The left subtree of a node contains only nodes with keys less than the node’s key.
The right subtree of a node contains only nodes with keys greater than the node’s key.
Both the left and right subtrees must also be binary search trees.

Example 1:

Input: root = [2,1,3]
Output: true

Example 2:

Input: root = [5,1,4,null,null,3,6]
Output: false
Explanation: The root node's value is 5 but its right child's value is 4.

Constraints:

The number of nodes in the tree is in the range [1, 10^4].
-2^31 <= Node.val <= 2^31 - 1

Solution

Approach: DFS with Range Validation

The key insight is to track valid range for each node.

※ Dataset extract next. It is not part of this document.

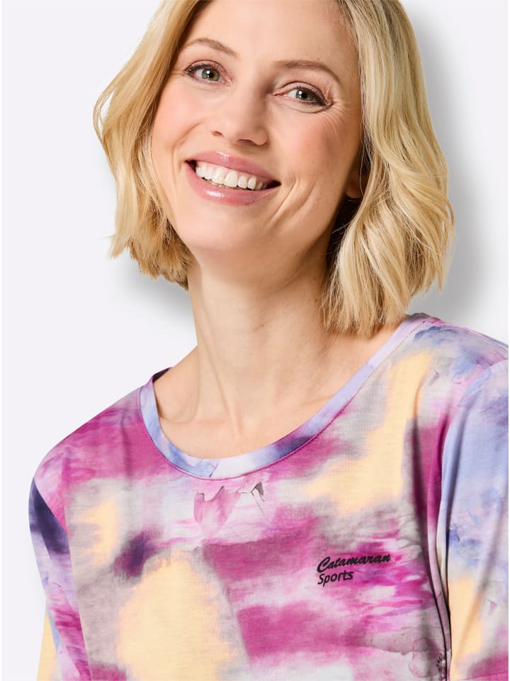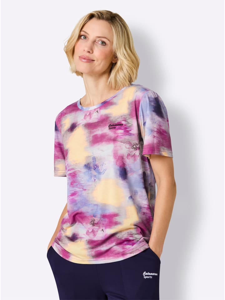 Эта спортивная футболка Catamaran-Sports с ярким цифровым принтом по всей поверхности - яркая и универсальная вещь. Она прекрасно дышит и быстро сохнет благодаря технологии Freshnezz. Круглый вырез горловины и короткие рукава.

Root can be any value, left children must be less, right children must be greater.

Implementation

class Solution:
    def isValidBST(self, root: Optional[TreeNode]) -> bool:
        def validate(node, min_val, max_val):
            if not node:
                return True

            # Check if current node violates BST property
            if not (min_val < node.val < max_val):
                return False

            # Recursively validate subtrees with updated ranges
            return (validate(node.left, min_val, node.val) and
                    validate(node.right, node.val, max_val))

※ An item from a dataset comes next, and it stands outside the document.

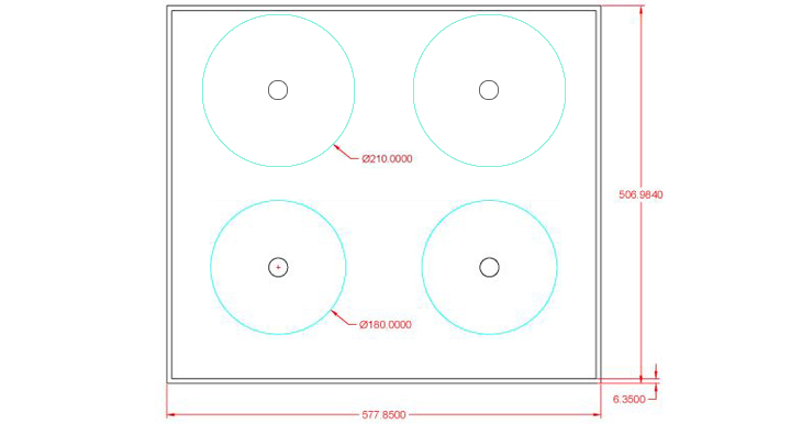 | Dimensione del punto di ebollizione | 2 x Ø 210mm, 2 x Ø 180mm |

        return validate(root, float('-inf'), float('inf'))

Alternative (Inorder Traversal):

class Solution:
    def isValidBST(self, root: Optional[TreeNode]) -> bool:
        self.prev = float('-inf')

        def inorder(node):
            if not node:
                return True

            # Check left subtree
            if not inorder(node.left):
                return False

            # Check current node
            if node.val <= self.prev:
                return False
            self.prev = node.val

            # Check right subtree
            return inorder(node.right)

        return inorder(root)

Complexity Analysis

Time Complexity: O(n), where n is the number of nodes. We visit each node once.
Space Complexity: O(h), where h is the height of the tree (recursion stack).

Key Insights

Range Constraint: Each node must be within a valid range determined by its ancestors, not just compared to its parent.
Subtree Constraint: All nodes in left subtree must be less than root, not just the immediate left child.
Inorder Property: In a valid BST, inorder traversal produces a strictly increasing sequence.
Strict Inequality: Values must be strictly less/greater, not less/greater or equal.
Recursive Range Updates: For left child, max becomes parent’s value. For right child, min becomes parent’s value.